Data extracted from a collection:

################

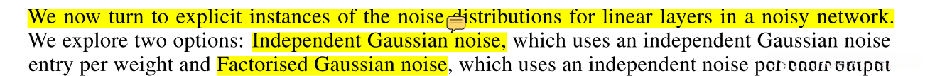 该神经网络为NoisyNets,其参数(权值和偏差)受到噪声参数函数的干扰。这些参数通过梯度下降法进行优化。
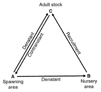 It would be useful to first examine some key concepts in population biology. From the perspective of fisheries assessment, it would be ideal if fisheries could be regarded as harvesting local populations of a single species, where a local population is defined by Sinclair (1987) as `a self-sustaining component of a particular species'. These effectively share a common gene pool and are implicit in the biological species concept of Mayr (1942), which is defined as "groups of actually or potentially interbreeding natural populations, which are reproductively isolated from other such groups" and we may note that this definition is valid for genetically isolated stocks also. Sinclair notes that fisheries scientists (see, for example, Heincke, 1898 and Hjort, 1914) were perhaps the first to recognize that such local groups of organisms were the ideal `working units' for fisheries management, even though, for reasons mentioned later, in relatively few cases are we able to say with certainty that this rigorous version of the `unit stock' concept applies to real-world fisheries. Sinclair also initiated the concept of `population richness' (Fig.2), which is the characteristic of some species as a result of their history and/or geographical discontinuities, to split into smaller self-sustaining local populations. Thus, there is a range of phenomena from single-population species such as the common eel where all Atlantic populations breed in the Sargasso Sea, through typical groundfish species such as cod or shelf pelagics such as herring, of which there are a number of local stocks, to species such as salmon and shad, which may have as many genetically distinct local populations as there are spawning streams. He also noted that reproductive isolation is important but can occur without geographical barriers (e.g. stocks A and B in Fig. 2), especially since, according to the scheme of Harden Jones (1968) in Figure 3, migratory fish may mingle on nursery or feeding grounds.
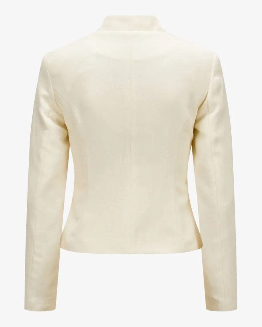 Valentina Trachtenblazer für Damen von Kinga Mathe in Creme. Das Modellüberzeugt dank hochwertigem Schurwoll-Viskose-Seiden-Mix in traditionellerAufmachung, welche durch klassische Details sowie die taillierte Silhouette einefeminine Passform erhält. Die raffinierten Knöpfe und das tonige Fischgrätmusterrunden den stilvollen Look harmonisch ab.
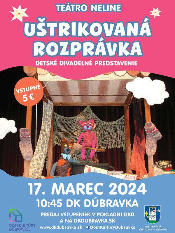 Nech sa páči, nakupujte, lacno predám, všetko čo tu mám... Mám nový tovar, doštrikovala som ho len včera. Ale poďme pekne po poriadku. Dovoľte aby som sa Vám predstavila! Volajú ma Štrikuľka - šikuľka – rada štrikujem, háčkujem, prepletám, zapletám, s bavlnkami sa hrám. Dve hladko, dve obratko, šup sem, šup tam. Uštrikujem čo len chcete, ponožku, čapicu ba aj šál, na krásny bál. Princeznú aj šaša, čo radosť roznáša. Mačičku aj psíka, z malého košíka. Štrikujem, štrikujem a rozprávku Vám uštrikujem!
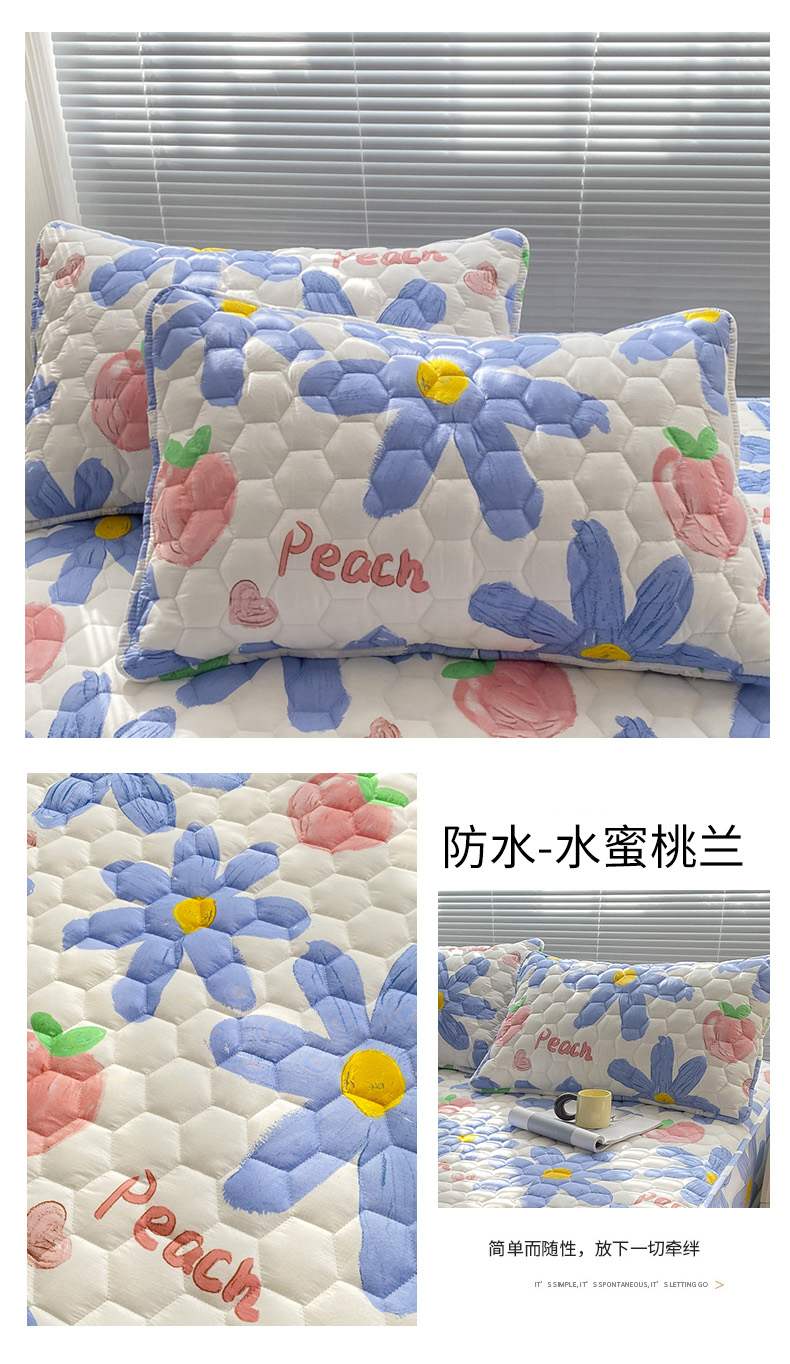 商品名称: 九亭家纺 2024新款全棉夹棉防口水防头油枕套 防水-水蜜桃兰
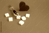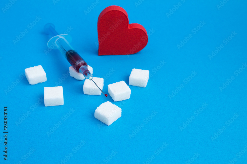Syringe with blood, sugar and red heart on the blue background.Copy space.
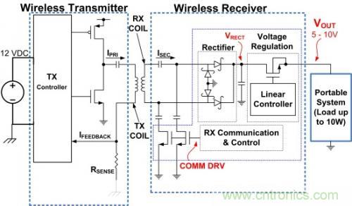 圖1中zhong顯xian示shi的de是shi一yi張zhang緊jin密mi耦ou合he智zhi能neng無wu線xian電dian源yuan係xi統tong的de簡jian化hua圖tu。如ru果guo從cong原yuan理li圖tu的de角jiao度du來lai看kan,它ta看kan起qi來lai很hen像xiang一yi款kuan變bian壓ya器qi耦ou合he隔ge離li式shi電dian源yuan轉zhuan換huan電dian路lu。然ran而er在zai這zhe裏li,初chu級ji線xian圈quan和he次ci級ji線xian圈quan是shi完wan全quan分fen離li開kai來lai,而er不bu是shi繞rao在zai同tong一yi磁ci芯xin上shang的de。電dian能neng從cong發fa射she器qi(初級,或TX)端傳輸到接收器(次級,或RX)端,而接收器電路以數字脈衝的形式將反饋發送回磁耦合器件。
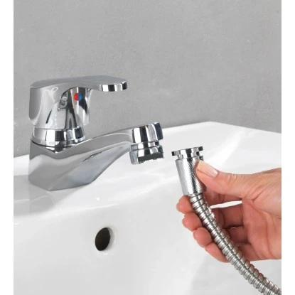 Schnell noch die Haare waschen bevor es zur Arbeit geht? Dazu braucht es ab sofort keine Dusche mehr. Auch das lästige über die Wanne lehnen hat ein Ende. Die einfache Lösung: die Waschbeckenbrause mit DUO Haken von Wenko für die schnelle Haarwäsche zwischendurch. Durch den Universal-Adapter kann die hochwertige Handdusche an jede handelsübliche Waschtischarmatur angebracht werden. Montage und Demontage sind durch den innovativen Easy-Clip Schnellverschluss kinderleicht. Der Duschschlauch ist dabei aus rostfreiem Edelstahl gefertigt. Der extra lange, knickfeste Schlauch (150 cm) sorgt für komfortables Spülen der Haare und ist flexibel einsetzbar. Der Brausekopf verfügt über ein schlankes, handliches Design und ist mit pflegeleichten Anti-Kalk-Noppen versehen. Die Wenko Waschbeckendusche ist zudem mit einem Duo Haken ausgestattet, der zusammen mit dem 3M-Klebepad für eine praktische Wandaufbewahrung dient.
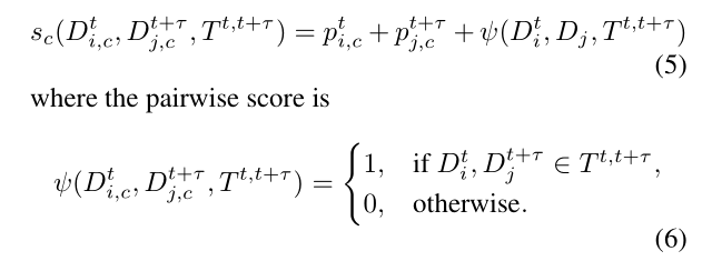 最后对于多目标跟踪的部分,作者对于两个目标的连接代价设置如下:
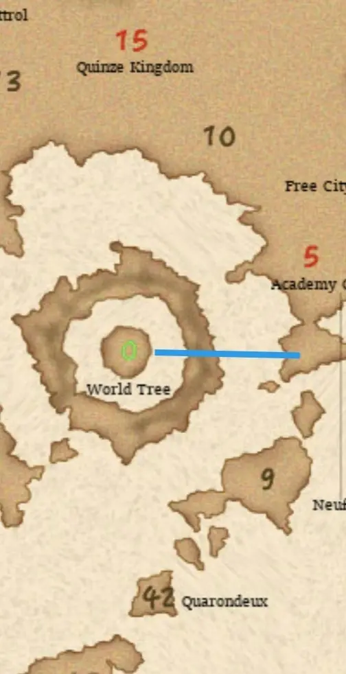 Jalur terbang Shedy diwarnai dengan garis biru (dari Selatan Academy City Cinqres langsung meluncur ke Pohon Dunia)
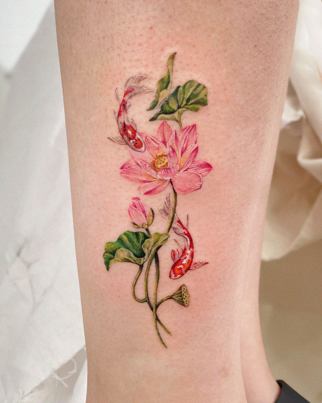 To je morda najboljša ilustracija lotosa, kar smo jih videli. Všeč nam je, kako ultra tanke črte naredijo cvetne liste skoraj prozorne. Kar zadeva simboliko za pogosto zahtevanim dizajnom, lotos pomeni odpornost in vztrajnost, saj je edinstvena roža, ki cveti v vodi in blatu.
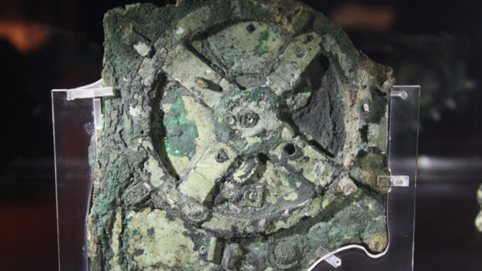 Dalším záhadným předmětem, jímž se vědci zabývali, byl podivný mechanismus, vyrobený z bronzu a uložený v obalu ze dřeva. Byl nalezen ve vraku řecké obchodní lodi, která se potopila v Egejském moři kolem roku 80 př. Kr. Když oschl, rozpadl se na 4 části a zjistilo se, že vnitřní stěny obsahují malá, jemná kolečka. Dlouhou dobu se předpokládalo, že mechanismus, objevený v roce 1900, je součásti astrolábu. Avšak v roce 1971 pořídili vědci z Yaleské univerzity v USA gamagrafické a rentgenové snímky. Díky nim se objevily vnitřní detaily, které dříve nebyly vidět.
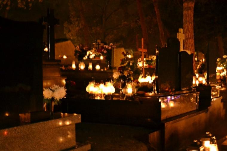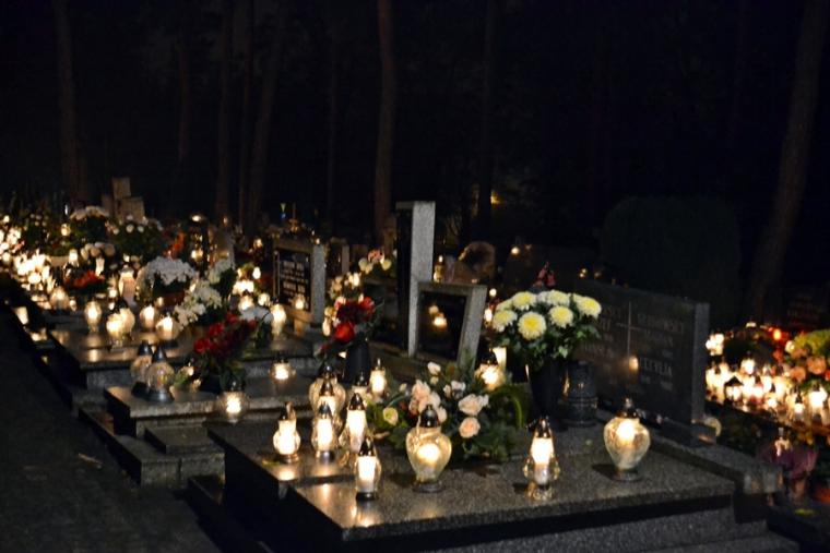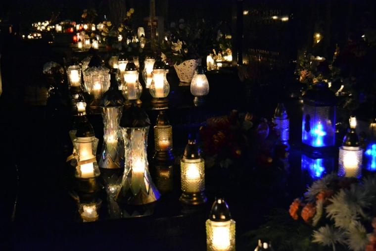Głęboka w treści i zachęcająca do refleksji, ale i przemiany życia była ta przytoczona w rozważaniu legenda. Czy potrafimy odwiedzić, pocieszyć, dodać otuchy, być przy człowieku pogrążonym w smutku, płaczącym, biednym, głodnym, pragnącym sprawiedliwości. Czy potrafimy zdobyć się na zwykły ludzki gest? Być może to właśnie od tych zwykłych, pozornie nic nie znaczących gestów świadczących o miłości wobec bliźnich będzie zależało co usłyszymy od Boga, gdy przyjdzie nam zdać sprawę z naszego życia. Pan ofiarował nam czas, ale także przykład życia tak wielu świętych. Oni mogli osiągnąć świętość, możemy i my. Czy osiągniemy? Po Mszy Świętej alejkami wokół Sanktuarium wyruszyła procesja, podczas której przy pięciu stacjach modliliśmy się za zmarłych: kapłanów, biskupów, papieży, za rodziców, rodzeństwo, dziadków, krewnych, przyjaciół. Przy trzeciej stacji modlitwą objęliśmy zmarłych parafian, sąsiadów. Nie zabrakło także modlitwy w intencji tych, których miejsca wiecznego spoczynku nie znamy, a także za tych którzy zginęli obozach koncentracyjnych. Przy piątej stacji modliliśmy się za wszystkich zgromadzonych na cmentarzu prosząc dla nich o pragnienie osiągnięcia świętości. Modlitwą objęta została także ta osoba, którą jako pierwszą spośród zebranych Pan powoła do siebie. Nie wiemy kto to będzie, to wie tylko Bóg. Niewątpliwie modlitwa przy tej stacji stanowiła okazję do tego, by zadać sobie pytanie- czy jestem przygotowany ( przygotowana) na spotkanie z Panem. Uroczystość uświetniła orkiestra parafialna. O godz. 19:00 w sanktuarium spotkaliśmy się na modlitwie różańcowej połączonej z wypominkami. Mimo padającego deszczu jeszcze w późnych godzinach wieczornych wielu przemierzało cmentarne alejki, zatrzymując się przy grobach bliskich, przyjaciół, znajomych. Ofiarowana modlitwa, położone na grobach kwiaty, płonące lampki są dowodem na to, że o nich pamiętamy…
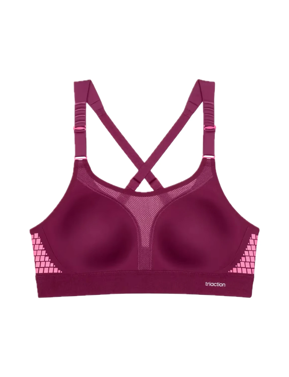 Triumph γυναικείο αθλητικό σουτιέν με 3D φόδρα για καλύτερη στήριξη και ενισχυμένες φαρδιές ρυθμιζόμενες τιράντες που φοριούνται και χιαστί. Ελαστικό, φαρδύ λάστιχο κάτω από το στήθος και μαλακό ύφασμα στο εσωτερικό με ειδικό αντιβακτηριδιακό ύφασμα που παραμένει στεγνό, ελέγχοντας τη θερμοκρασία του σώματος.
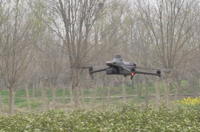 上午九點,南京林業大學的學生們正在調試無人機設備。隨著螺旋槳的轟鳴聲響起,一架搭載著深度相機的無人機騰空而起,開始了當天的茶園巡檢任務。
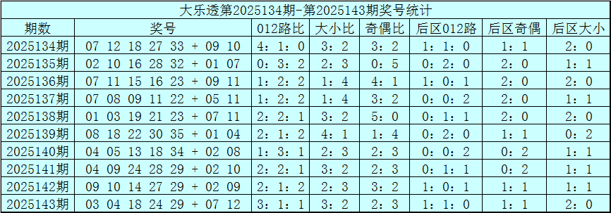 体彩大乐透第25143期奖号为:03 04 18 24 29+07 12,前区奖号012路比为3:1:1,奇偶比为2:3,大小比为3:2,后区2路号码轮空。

################

Pictures do not belong in the answer. Return the lines above starting at the one with "商品名称: 九亭家纺 2024新款全棉夹棉防口水防头油枕套 防水-水蜜桃兰" and ending at the one with "圖1中zhong顯xian示", both kept, exactly.

| SOLUTION |
 商品名称: 九亭家纺 2024新款全棉夹棉防口水防头油枕套 防水-水蜜桃兰
Syringe with blood, sugar and red heart on the blue background.Copy space.
 圖1中zhong顯xian示shi的de是shi一yi張zhang緊jin密mi耦ou合he智zhi能neng無wu線xian電dian源yuan係xi統tong的de簡jian化hua圖tu。如ru果guo從cong原yuan理li圖tu的de角jiao度du來lai看kan,它ta看kan起qi來lai很hen像xiang一yi款kuan變bian壓ya器qi耦ou合he隔ge離li式shi電dian源yuan轉zhuan換huan電dian路lu。然ran而er在zai這zhe裏li,初chu級ji線xian圈quan和he次ci級ji線xian圈quan是shi完wan全quan分fen離li開kai來lai,而er不bu是shi繞rao在zai同tong一yi磁ci芯xin上shang的de。電dian能neng從cong發fa射she器qi(初級,或TX)端傳輸到接收器(次級,或RX)端,而接收器電路以數字脈衝的形式將反饋發送回磁耦合器件。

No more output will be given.